:: What you need to do ::
Write out word for word each line of the records, beginning at the first and stopping after the line with "Een bedankkaart voor". Leave the pictures out.

Stored entries:
======
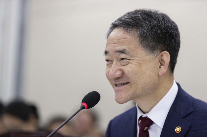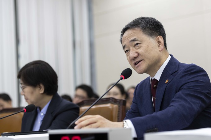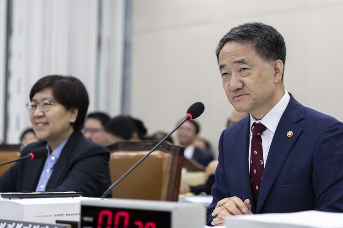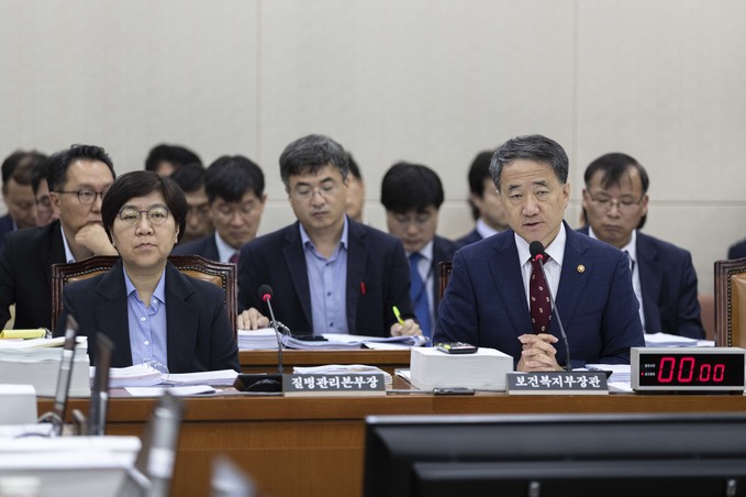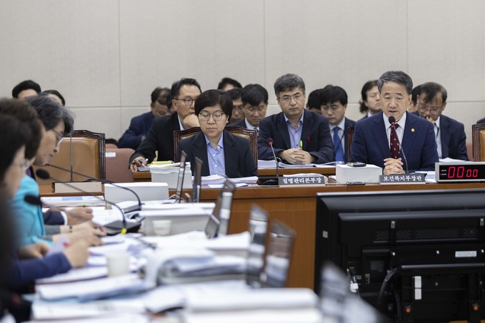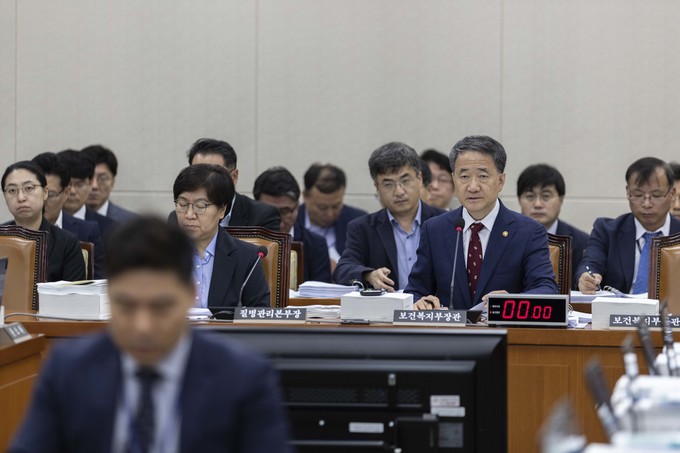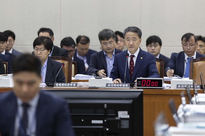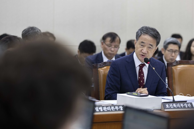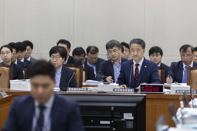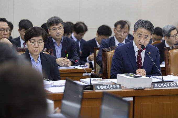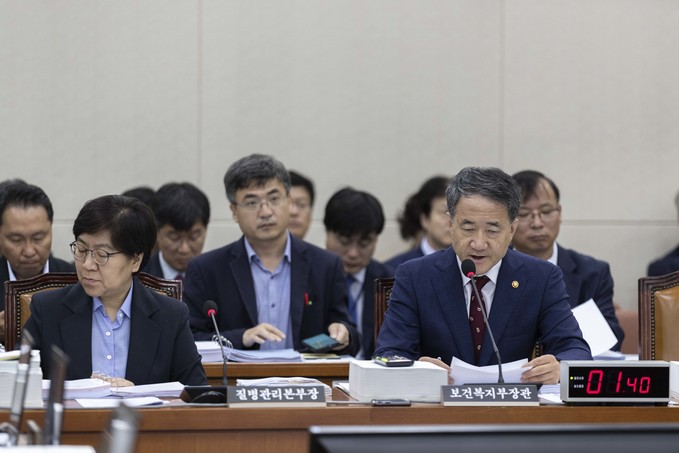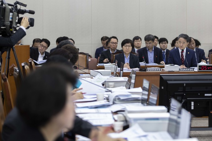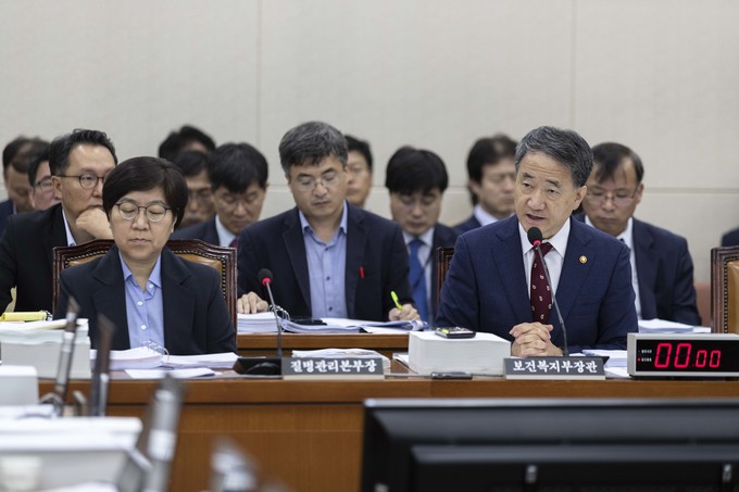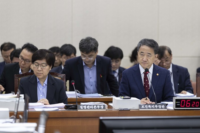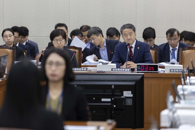 박능후 보건복지부 장관이 2일 오전 서울 여의도 국회에서 열린 보건복지위원회 국정감사에 출석해 의원 질의에 답하고 있다.
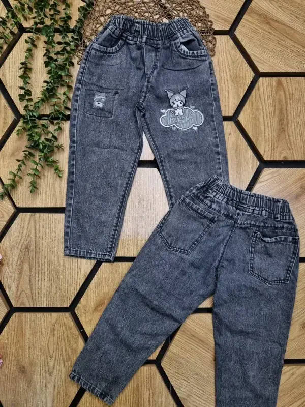 خرید عمده شلوار لی مام دخترانه طرح کوورومی
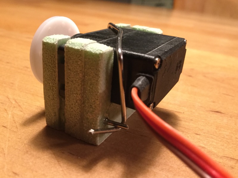 Den Drahtbügel würde es wahrscheinlich nicht benötigen. Das Servo wird durch die rauhen Oberflächen geklemmt und gehalten. Das Gewicht beträgt 4gr. Wenn jemand ein Plänchen haben möchte, einfach melden.
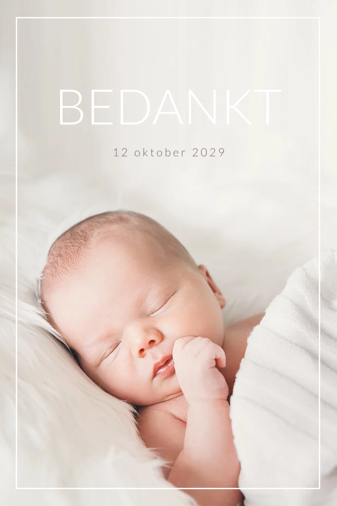 Een bedankkaart voor het doopsel met goudfolie en kader. Het folie zorgt voor een extra vleugje luxe. Plaats een eigen foto van jullie kleintje op deze bedankkaart voor de persoonlijke touch. Open de online editor om de bedankkaart naar eigen wens te bewerken. Hulp nodig? We helpen je graag!
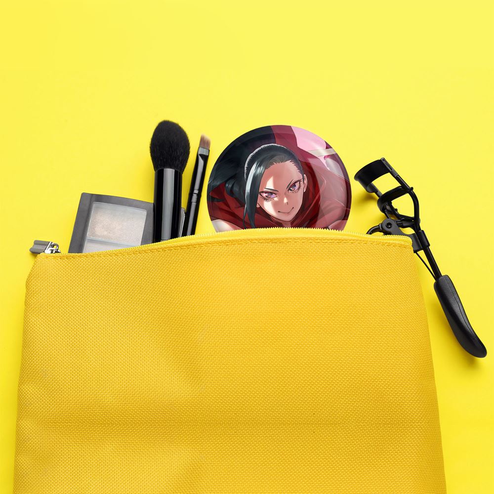 آینه های جیبی مومو چان انیمه آکادمی قهرمان من خندالو دایره ای به قطر 7.5 سانتی متر می باشد که نه خیلی بزرگ و غیر قابل استفاده در کیف آرایشی ست و نه خیلی کوچک که تصویر خاصی در آن مشاهده نشود. سایزی استاندارد و کارآمد دارد و مناسب قرار گیری در کیف لوازم آرایش و کیف های کوچک دستی نیز هست. بدنه ی آینه جیبی مومو چان انیمه آکادمی قهرمان من در قسمتی که آینه را در بر گرفته فلزی بوده و ظاهر براق و بسیار زیبایی دارد. چاپ طرح در پشت آینه بوسیله چاپگرهای دیجیتال شش رنگ با شفافیت و کیفیتی مثال زدنی انجام گرفته و با روکش لمینت حرارتی پوشیده شده که در مقابل آسیب و خط و خش مقاوم بوده و کیفیت بالایی دارد. آینه های جیبی مومو چان انیمه آکادمی قهرمان من خندالو با تنوع طرحی بسیار بالا، سلیقه هر نوع مخاطبی را تامین میکند.
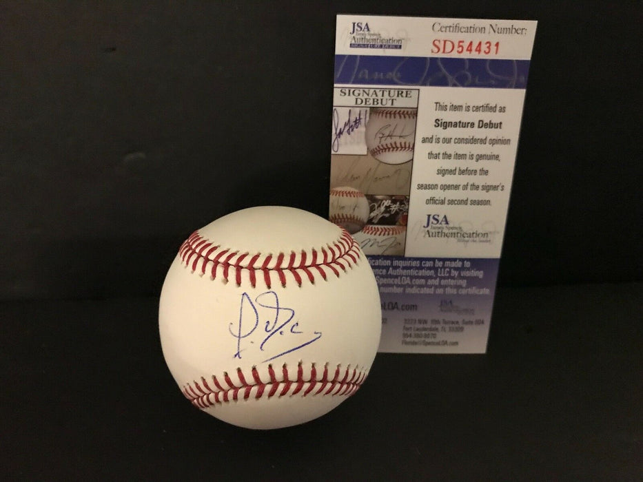 This is an Official Major League Baseball that Yusniel signed last year. This baseball comes with a JSA SIGNATURE DEBUT COA. SIGNATURE DEBUT COA'S are very unique, it guarantees that the signature was signed and authenticated prior to the players 1st game of his second MLB season. Having a Debut Signature of a player should make your collection very unique. JSA is the leading authenticator in our industry! We use stock photos.
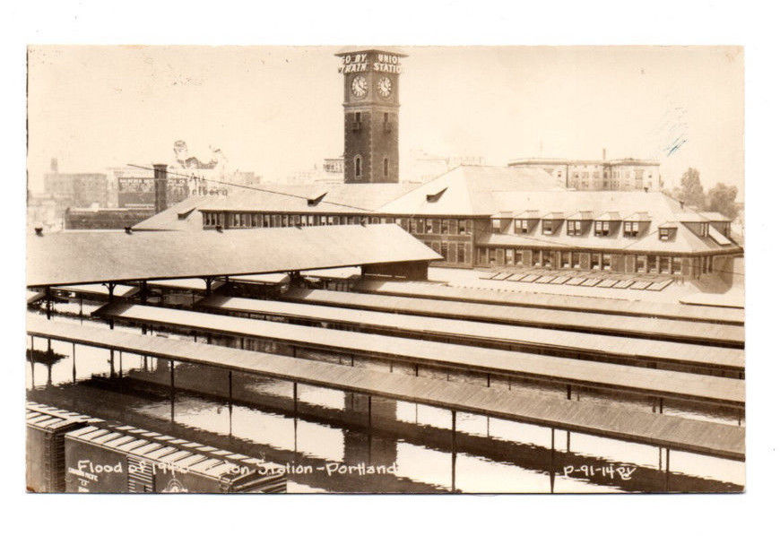 Title (ebay affiliate link): RPPC Portland,OR Union Train Depot Flood 1948 Postcard
======
:: Answer to this exercise ::
 박능후 보건복지부 장관이 2일 오전 서울 여의도 국회에서 열린 보건복지위원회 국정감사에 출석해 의원 질의에 답하고 있다.
 خرید عمده شلوار لی مام دخترانه طرح کوورومی
 Den Drahtbügel würde es wahrscheinlich nicht benötigen. Das Servo wird durch die rauhen Oberflächen geklemmt und gehalten. Das Gewicht beträgt 4gr. Wenn jemand ein Plänchen haben möchte, einfach melden.
 Een bedankkaart voor het doopsel met goudfolie en kader. Het folie zorgt voor een extra vleugje luxe. Plaats een eigen foto van jullie kleintje op deze bedankkaart voor de persoonlijke touch. Open de online editor om de bedankkaart naar eigen wens te bewerken. Hulp nodig? We helpen je graag!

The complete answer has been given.